Ken Jennings makes a good Tobias. He's sweet, but more hardy and street-smart than Neil Patrick Harris in the concert. His voice isn't the greatest I've ever heard, but it's still darn good. I was surprised by the difference in the two portrayals of the character. Neil Patrick Harris is really too old (and too tall) for the role, I think. I got the impression that Toby was in his early twenties, but severely retarded, which certainly works nicely with the plot. However, Jennings makes me think he is supposed to be a young boy – his intelligence isn't really up to par, because after all he's an uneducated London street urchin whose been abused all his life by Pirelli. But he's not retarded – just young and a little socially naïve, for all his street smarts.
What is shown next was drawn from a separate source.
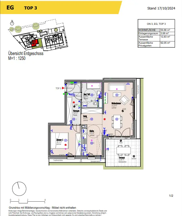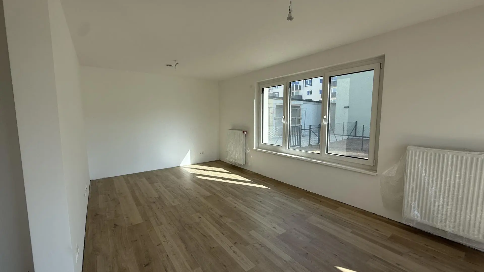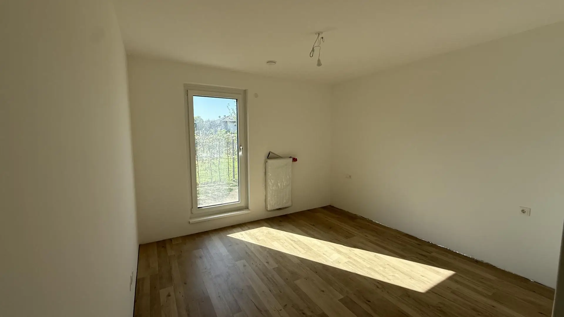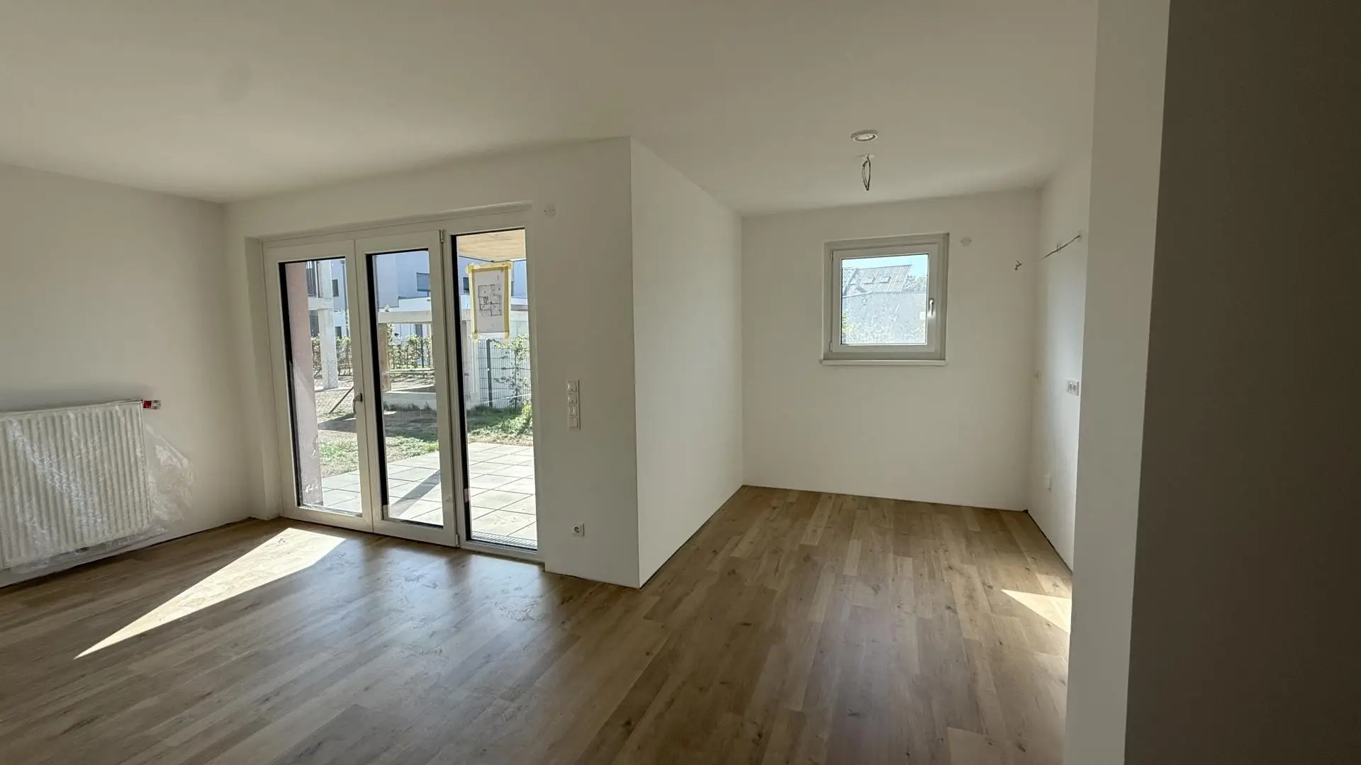 Auf rund 60 m² Wohnfläche bietet diese 2-Zimmer-Wohnung ein Wohnzimmer, Küche und Schlafzimmer. Die Terrasse mit über 12 m² und der angrenzende Garten mit rund 92 m² laden zu entspannten Stunden im Freien ein.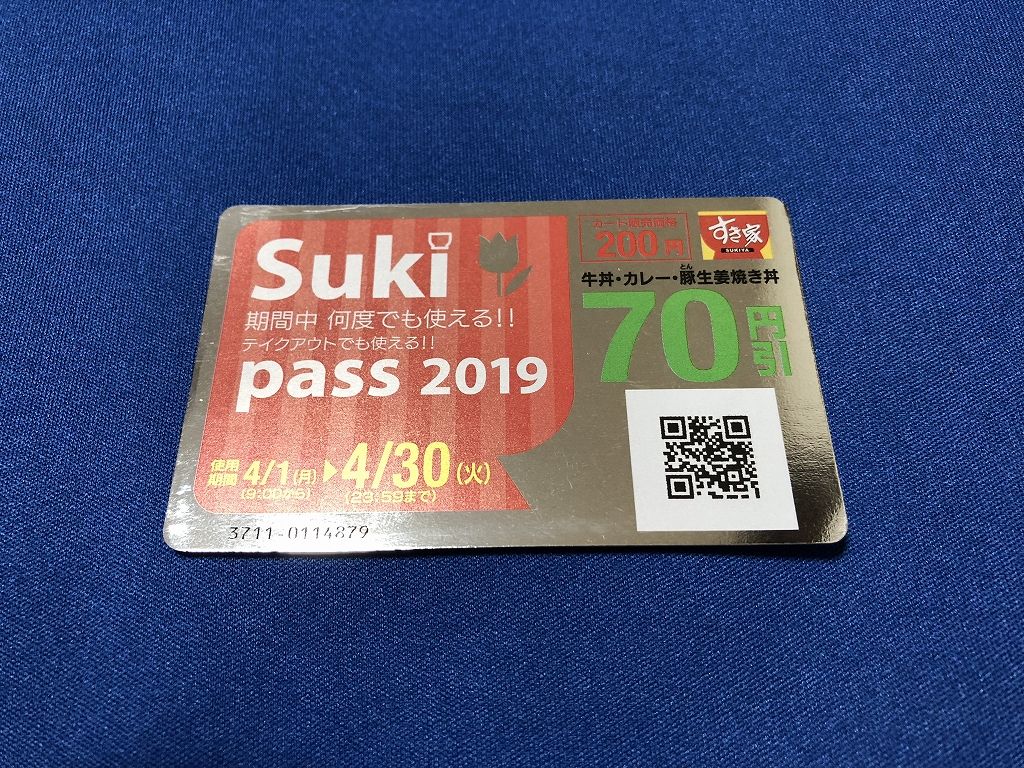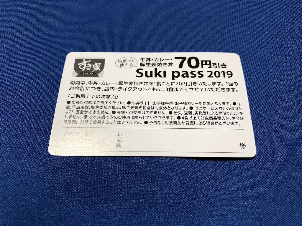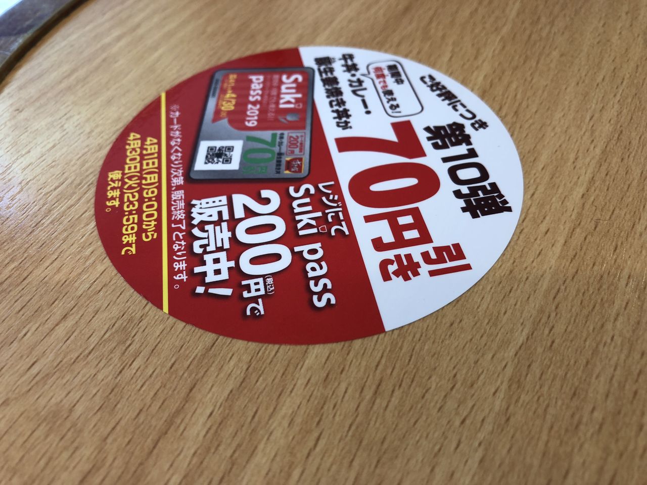 「Sukipass」とは、会計時に提示することで、店内でも持ち帰りでも牛丼・カレー・豚生姜焼き丼が70円引きになるカード。

All in all? This is one of the greatest CDs ever made, and one of the greatest musicals ever written. One thing about this CD – and I've heard other people say this, too – is that there's not a single song that isn't good. Most shows have a one or two really great songs, a few good songs, and the rest is just filler. And a lot of times there's a song or two that's really terrible. But every single song in this show is at least good, and most are great. Every song is necessary.

Well, after this really long review… if you're still here BTW you deserve congrats! The bottom line is if you like satire, you will think this is the greatest thing since sliced bread. But be forewarned, it's pretty sick humor. Really it's Sondheim. If you like Sondheim you will like it. If you don't, you might still like it, but you might not. This is not POTO or Les Mis; it's not for everyone. There are no falling chandeliers or obsessed policemen (don't get me wrong, I love POTO and Les Mis!), only real people presented so realistically that they are satirical.

All fans of musicals should defintely hear this CD once. What you do after that is your call.